--- Task directions ---
Copy the records below exactly, from the line containing "cuisine ou étagère" through the last line, and leave out every picture.

*** Opening of Provided material ***

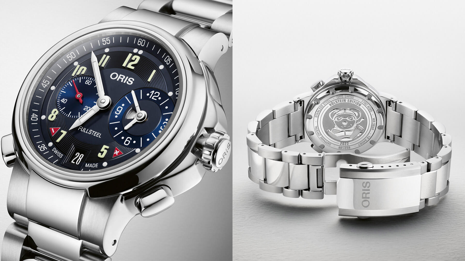 U příležitosti našich narozenin 1. června představuje Oris Hölstein Edition 2022, hodinky, které oživují ikonu, Full Steel. Zachycuje ducha devadesátých let a převratný automatický mechanický strojek osazený chronografem. Hodinky disponují dvojím ukazatelem času, čili lze na hodinkách sledovat čas dvou časových pásem. Originální nastavování otočnou lunetou pouzdra.
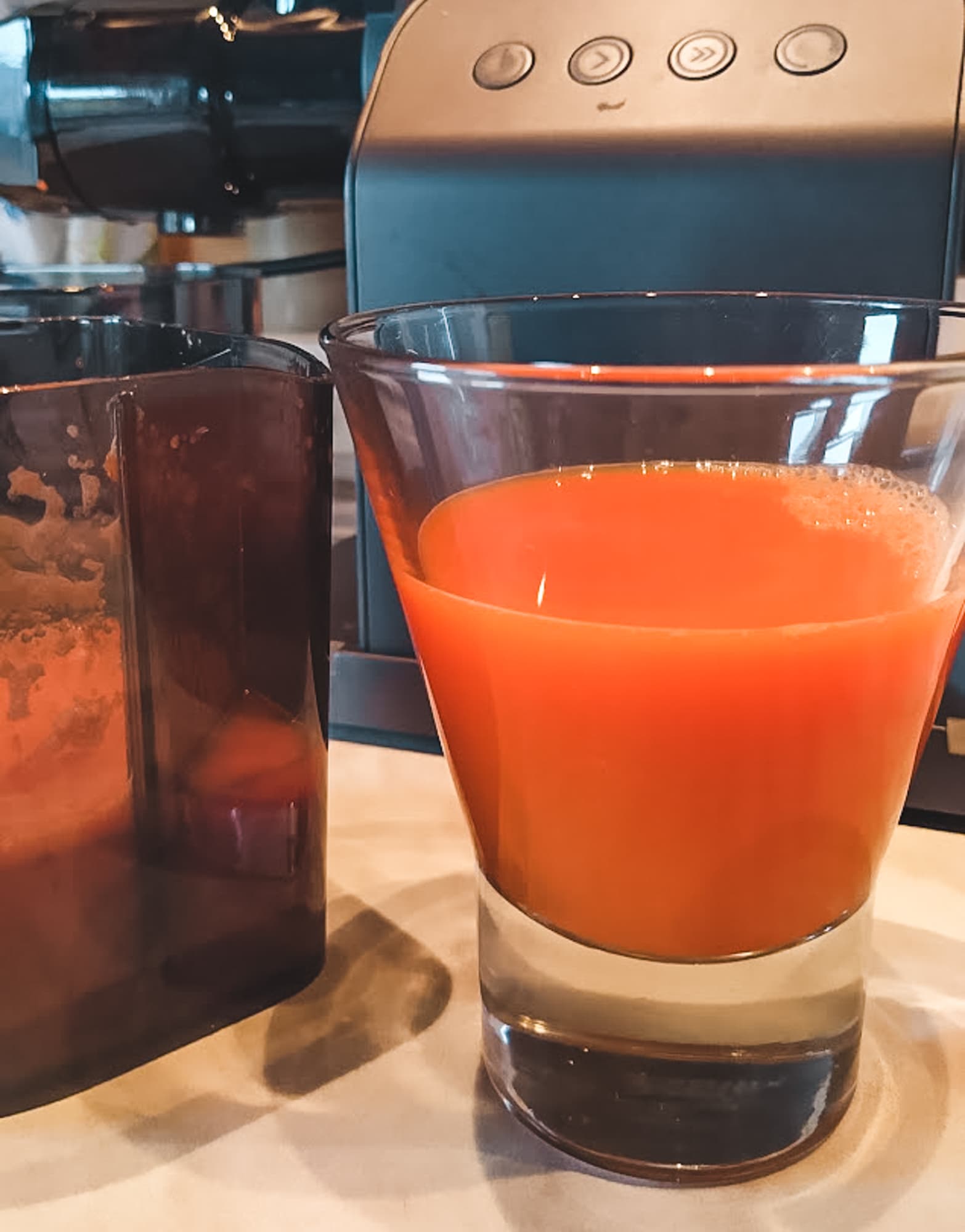 Сок был отжат ровно за 3 минуты, вес его — 532 грамма. Пены минимум. Жмых чуть влажный, и его вышло очень много — пришлось один раз освободить контейнер.
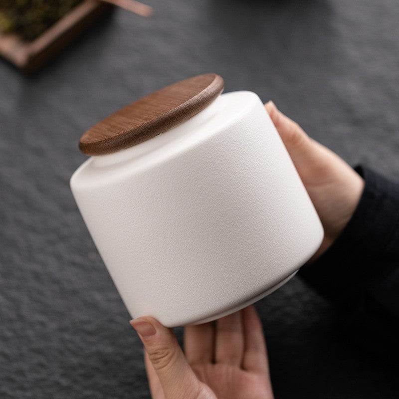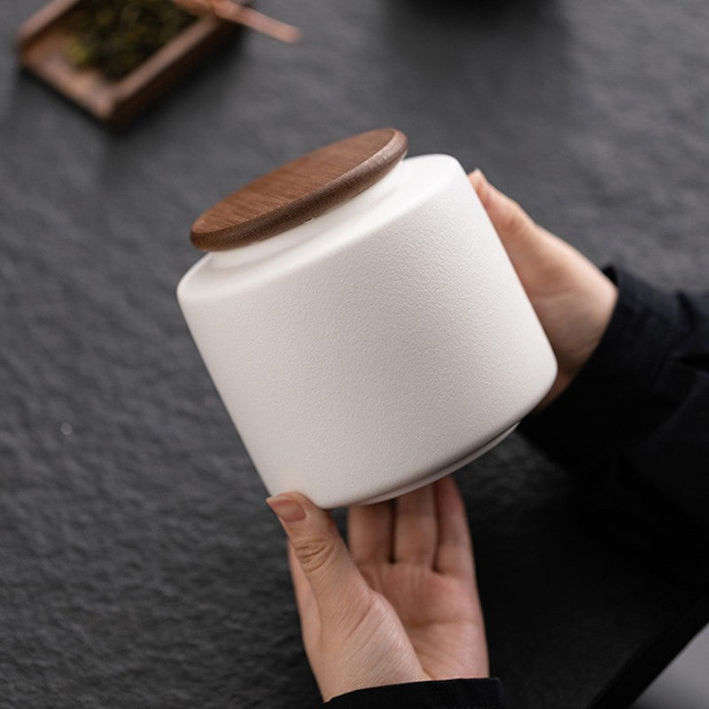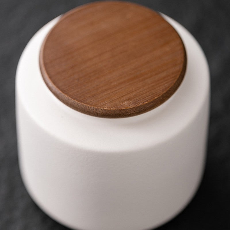 • Épure scandinave intemporelle: Céramique blanche mat et couvercle bois naturel, harmonie visuelle qui apaise votre cuisine ou étagère
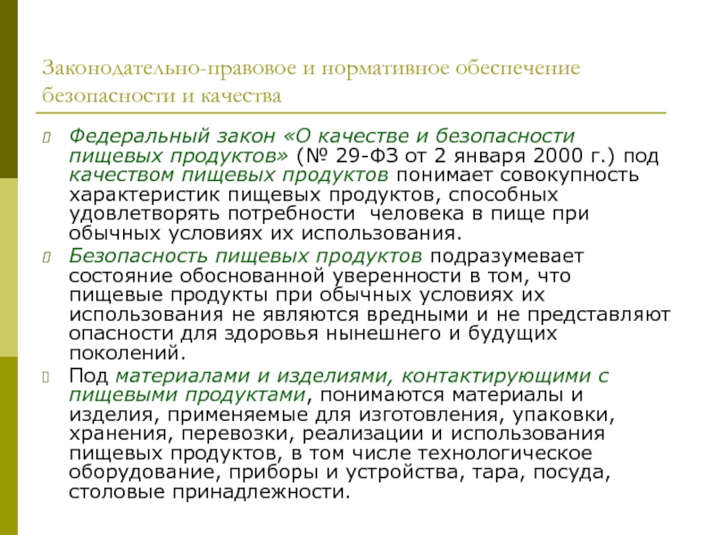 безопасности пищевых продуктов» (№ 29-ФЗ от 2 января 2000 г.)
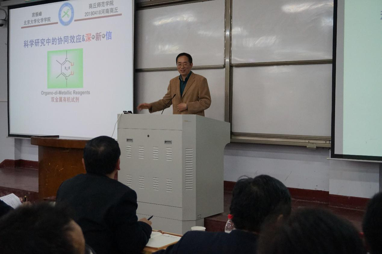 4月18日,在睢阳校区1号楼308教室,中国科学院院士、北京大学席振峰教授莅临金年会,做了“科学研究中的协同效应与深信新”的学术报告,通过座谈会对化学学科的青年教师进行了悉心指导,与青年学生亲切互动。徐茂田副校长主持了学术活动。

*** Close of Provided material ***

--- Solution to the exercise ---
 • Épure scandinave intemporelle: Céramique blanche mat et couvercle bois naturel, harmonie visuelle qui apaise votre cuisine ou étagère
 безопасности пищевых продуктов» (№ 29-ФЗ от 2 января 2000 г.)
 4月18日,在睢阳校区1号楼308教室,中国科学院院士、北京大学席振峰教授莅临金年会,做了“科学研究中的协同效应与深信新”的学术报告,通过座谈会对化学学科的青年教师进行了悉心指导,与青年学生亲切互动。徐茂田副校长主持了学术活动。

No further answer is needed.